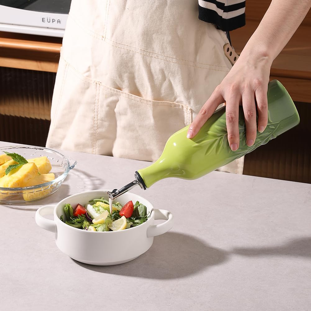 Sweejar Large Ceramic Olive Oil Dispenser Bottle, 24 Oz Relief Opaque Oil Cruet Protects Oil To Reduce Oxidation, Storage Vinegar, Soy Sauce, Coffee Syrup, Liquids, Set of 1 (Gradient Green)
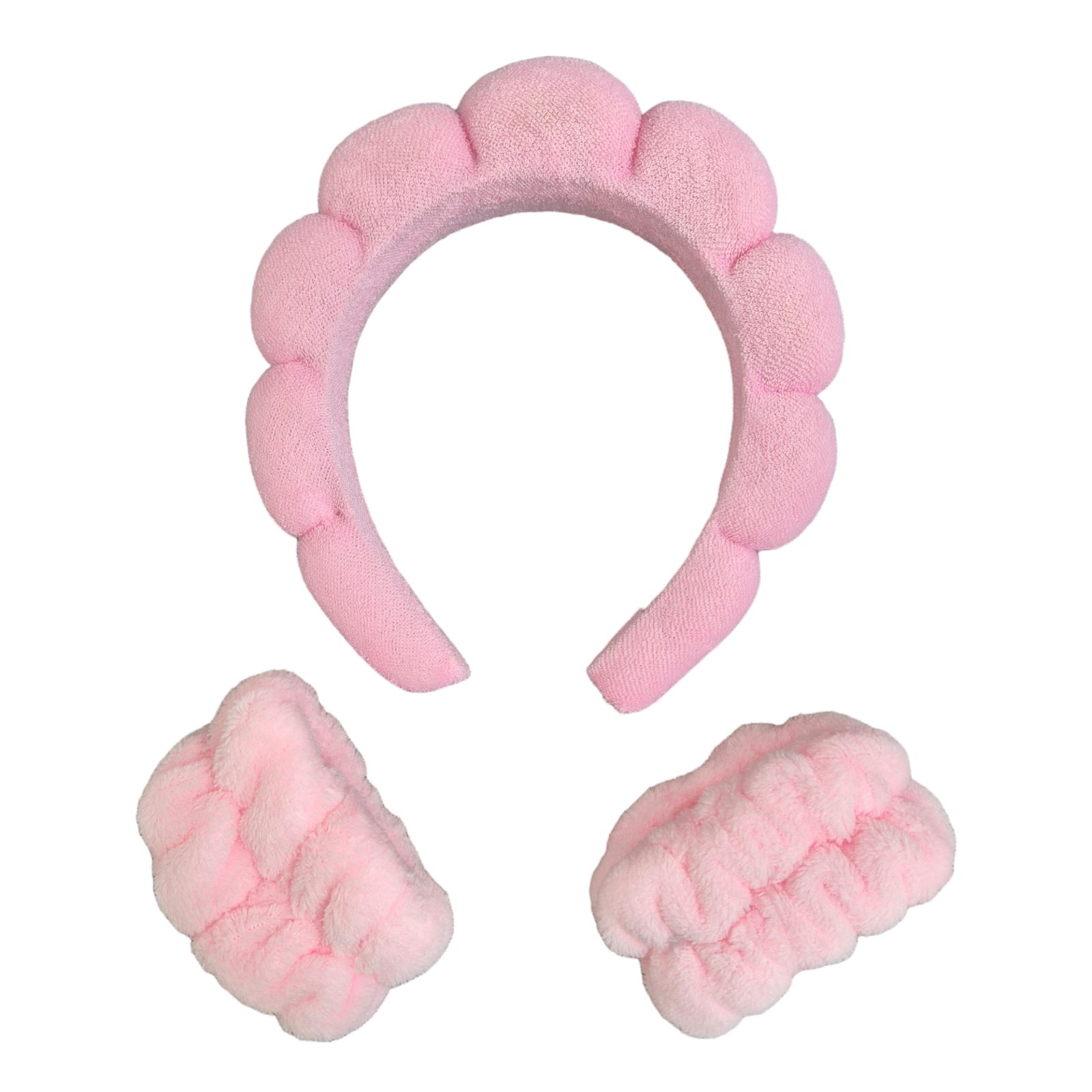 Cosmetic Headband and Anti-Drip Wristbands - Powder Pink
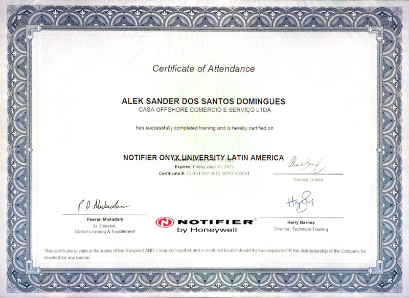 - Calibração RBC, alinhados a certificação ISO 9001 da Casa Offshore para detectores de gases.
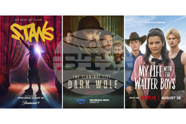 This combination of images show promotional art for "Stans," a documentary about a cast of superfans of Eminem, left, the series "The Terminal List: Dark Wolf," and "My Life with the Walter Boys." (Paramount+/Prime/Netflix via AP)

—————

#### [The problem]
Give back the lines word for word, from the very first in the material above to the one that has "- Calibração RBC, alinhados", both included, without the pictures.

#### [Task answer]
 Sweejar Large Ceramic Olive Oil Dispenser Bottle, 24 Oz Relief Opaque Oil Cruet Protects Oil To Reduce Oxidation, Storage Vinegar, Soy Sauce, Coffee Syrup, Liquids, Set of 1 (Gradient Green)
 Cosmetic Headband and Anti-Drip Wristbands - Powder Pink
 - Calibração RBC, alinhados a certificação ISO 9001 da Casa Offshore para detectores de gases.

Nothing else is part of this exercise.